* TASK BRIEF *
Any image in the records should be left out; output everything else exactly.

══ SUPPLIED RECORDS

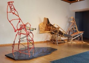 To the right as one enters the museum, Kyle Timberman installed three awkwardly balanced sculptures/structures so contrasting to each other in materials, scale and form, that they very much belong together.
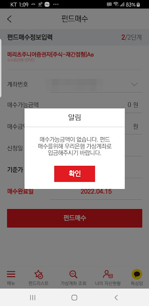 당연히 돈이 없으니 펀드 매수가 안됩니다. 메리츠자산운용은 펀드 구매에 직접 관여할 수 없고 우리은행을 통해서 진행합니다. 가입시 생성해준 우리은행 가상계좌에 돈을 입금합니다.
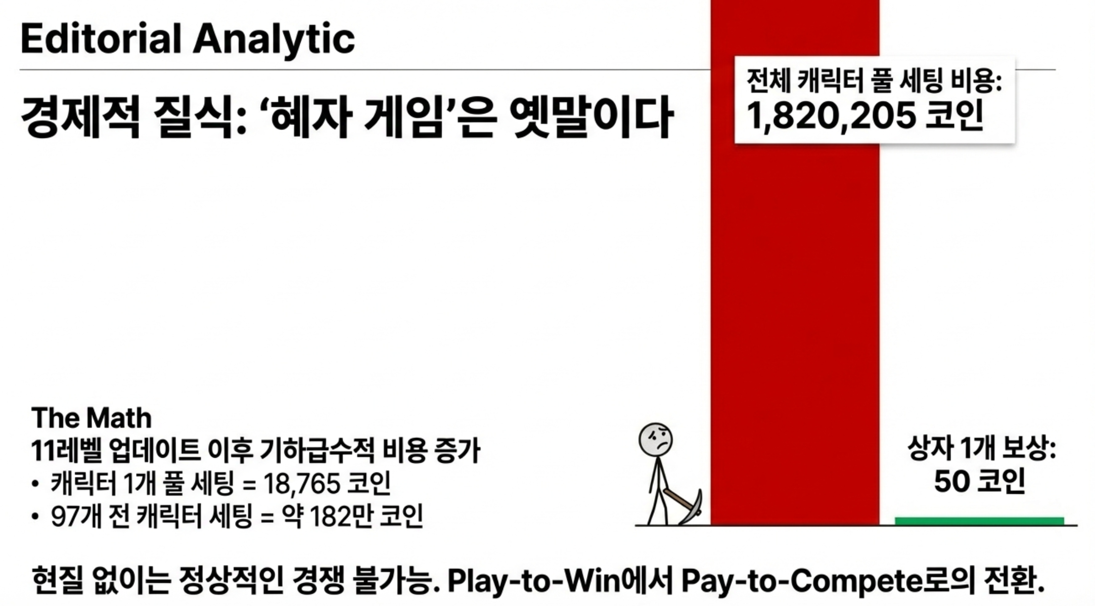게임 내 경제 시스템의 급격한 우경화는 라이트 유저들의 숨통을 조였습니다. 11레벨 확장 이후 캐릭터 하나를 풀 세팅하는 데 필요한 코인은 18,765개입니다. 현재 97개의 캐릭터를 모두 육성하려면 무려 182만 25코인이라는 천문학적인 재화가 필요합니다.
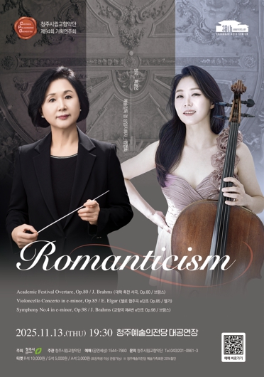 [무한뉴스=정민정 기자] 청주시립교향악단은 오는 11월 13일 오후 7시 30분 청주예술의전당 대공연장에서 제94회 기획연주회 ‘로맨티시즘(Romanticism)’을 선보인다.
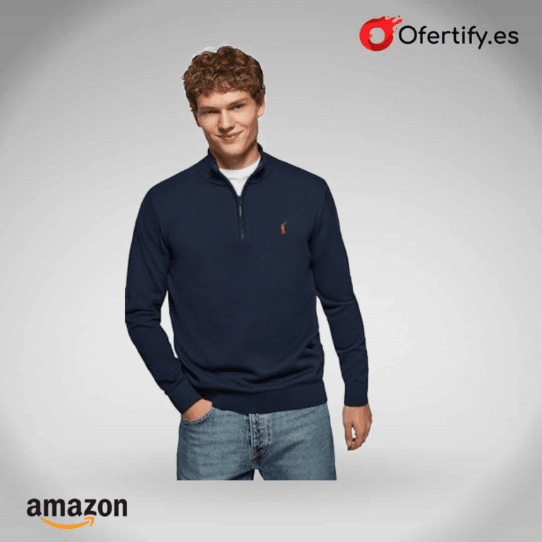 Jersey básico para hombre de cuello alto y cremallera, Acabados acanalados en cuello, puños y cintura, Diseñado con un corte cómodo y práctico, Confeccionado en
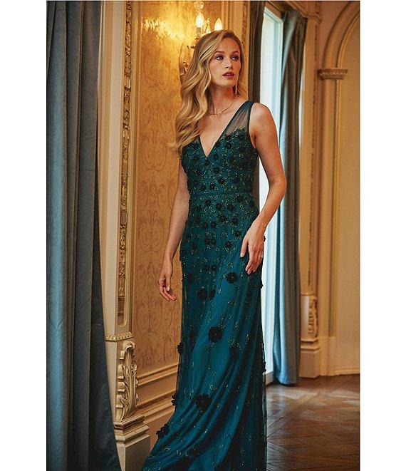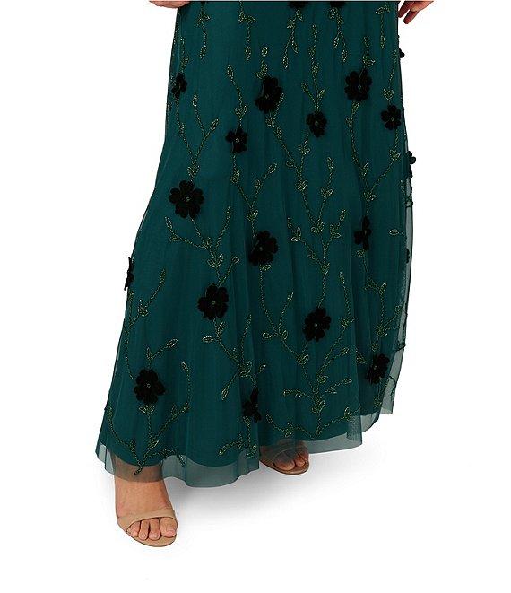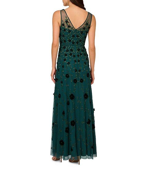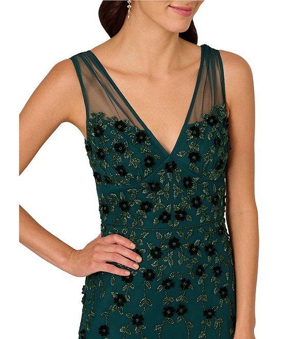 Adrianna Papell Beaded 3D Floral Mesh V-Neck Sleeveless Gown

════

* RESULT OF THE EXERCISE *
 To the right as one enters the museum, Kyle Timberman installed three awkwardly balanced sculptures/structures so contrasting to each other in materials, scale and form, that they very much belong together.
 당연히 돈이 없으니 펀드 매수가 안됩니다. 메리츠자산운용은 펀드 구매에 직접 관여할 수 없고 우리은행을 통해서 진행합니다. 가입시 생성해준 우리은행 가상계좌에 돈을 입금합니다.
게임 내 경제 시스템의 급격한 우경화는 라이트 유저들의 숨통을 조였습니다. 11레벨 확장 이후 캐릭터 하나를 풀 세팅하는 데 필요한 코인은 18,765개입니다. 현재 97개의 캐릭터를 모두 육성하려면 무려 182만 25코인이라는 천문학적인 재화가 필요합니다.
 [무한뉴스=정민정 기자] 청주시립교향악단은 오는 11월 13일 오후 7시 30분 청주예술의전당 대공연장에서 제94회 기획연주회 ‘로맨티시즘(Romanticism)’을 선보인다.
 Jersey básico para hombre de cuello alto y cremallera, Acabados acanalados en cuello, puños y cintura, Diseñado con un corte cómodo y práctico, Confeccionado en
 Adrianna Papell Beaded 3D Floral Mesh V-Neck Sleeveless Gown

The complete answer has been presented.